Gorsuch also argued that taking a neutral stance benefits nonbelievers because those most passionate in their beliefs are prohibited from acting out their very strong beliefs whether it’s knocking on your door to hand out religious pamphlets or refusing to work in a plant making ammunition or exorcising children with coat hanger beatings and near drownings because of belief in the devil or dunking women considered witches or prohibiting birth control or abortions because they say so.  He laments that an intent to protect religion may turn into a cudgel to ensure conformity when in fact that is precisely what his side is doing – they have turned religious freedom into a sword rather than a shield. 

In the Ginsburg and Kagan dissent they point out the obvious – there was no case for the court to decide and the court violated Article III that requires a case or controversy before deciding constitutional matters.  The Supreme Court said that a state could decide to have no program at all and that is what Montana did.  So there was no case.  Yet the Court went ahead and ordered them to do what?

In the Breyer and Kagen dissent they argued that the free exercise and the establishment clauses have to be taken together to avoid religiously based discord and yet secure liberty for all faiths and none.  This decision does the opposite by inflicting a rigid application of strict scrutiny on the free exercise clause and entangling government in religion.   

They cover the history of discord and division from the existence of state funding for religious teaching and argue that is why the government has to be strictly neutral. They also argue that from the founding of the country taxpayer supported religious indoctrination was seen as a threat to individual liberty. They pointed out the history of Madison and Jefferson and the Virginia religious establishment law. Jefferson considered it sinful and tyrannical to force a person to support a religion which s/he disbelieves.
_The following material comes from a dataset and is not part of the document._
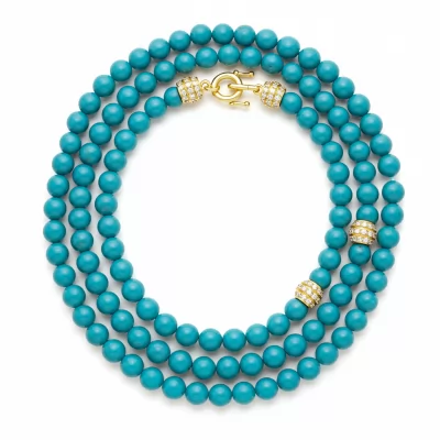 The turquoise beaded necklace is a testament to natural elegance, featuring perfectly spherical, highly saturated stones hand-strung for impeccable drape. Accented by an 18KT yellow gold clasp, this piece offers a brilliant contrast between the vibrant matrix of the turquoise and the warm glow of the metal. Each bead is meticulously selected, creating a harmonious color arrangement that captivates the eye. This heirloom-quality design transitions seamlessly from refined daywear to evening sophistication.

The  founding generation, including George Washington, Patrick Henry, and John Marshall, supported Virginia’s Assessment Bill not to tax citizens for a particular religion.
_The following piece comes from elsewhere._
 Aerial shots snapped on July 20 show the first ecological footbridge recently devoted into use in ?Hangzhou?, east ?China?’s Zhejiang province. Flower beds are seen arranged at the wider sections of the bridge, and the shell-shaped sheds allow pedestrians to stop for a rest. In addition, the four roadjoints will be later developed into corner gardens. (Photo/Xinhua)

The court does not balance the right of those who choose not to fund religious education, elevating the right of those who do. They also point out the foolishness of the “status” versus “doing” argument by asking what in fact does a religious school do but teach religion. That is why the parents have chosen to send their children there.
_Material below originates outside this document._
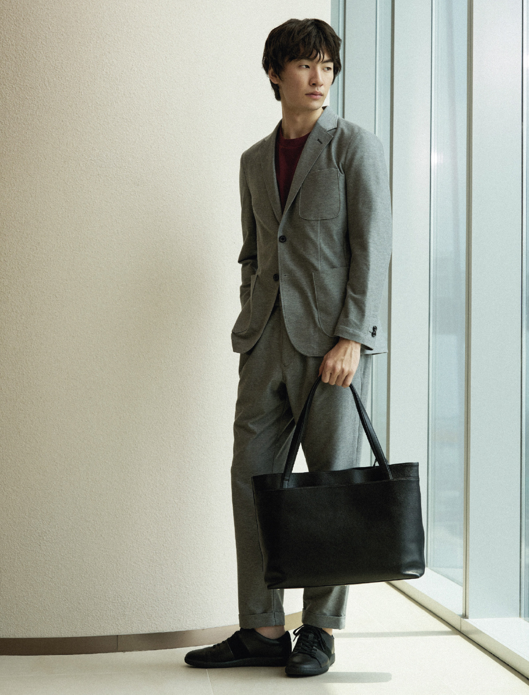 เสื้อแจ็คเก็ต ผ้า Lycra ผสม Cotton และ Polyester เนื้อนิ่ม ทอใส่สบาย มีน้ำหนักค่อนข้างเบา ทอเป็น denim (เหมือนผ้ายีนส์) ทรงเหมือนรุ่น Eco denim stretch blazer ซึ่งเป็นรุ่นขายดีของแบรนด์

As they point out, the Montana law did not punish religious exercise – they chose not to subsidize schools that teach religion. Choosing not to subsidize a fundamental right, such as marriage or voting for example, does not infringe on the right.  However this decision may be laying the groundwork for an attack on public funding of public schools by saying that it is harmful for religious schools not to get their fingers into that public taxpayer money.

The Sotomayor dissent was equally scathing.  As she said, the state supreme court had already ended the program on state law grounds and there was no federal question to be answered.  Not only did the Supreme Court violate Article III, it is clear that they are engaged in judicial activism by reaching hard for this tenuous case and turning it into a vehicle they can use to destroy the wall of separation between church and state. 

After wrongfully taking the case, they wrongly decided it. This is the first time the court is requiring a state to provide funds to a church in clear violation of the First Amendment, precedent, history, and the long supported separation of church and state. The Supreme Court held that because the state did not benefit religious exercise, they are compelled to do so. It is the first time the court orders that public funds must be used to pay for religious education. And it is wrong. The government is not obligated to fund a right e.g. I have a right to free speech but the government is not obligated to pay for my megaphone or website, allegedly I have a right to carry a gun but the government is not obligated to buy me one.  But with this decision, because I have a right to free exercise of my religion, the state is obligated to pay for my children’s schooling. As Sotomayor says, the ruling is perverse.  It turns the amendment on its head and mandates the state pay for someone to exercise their religion.  That was never its intent.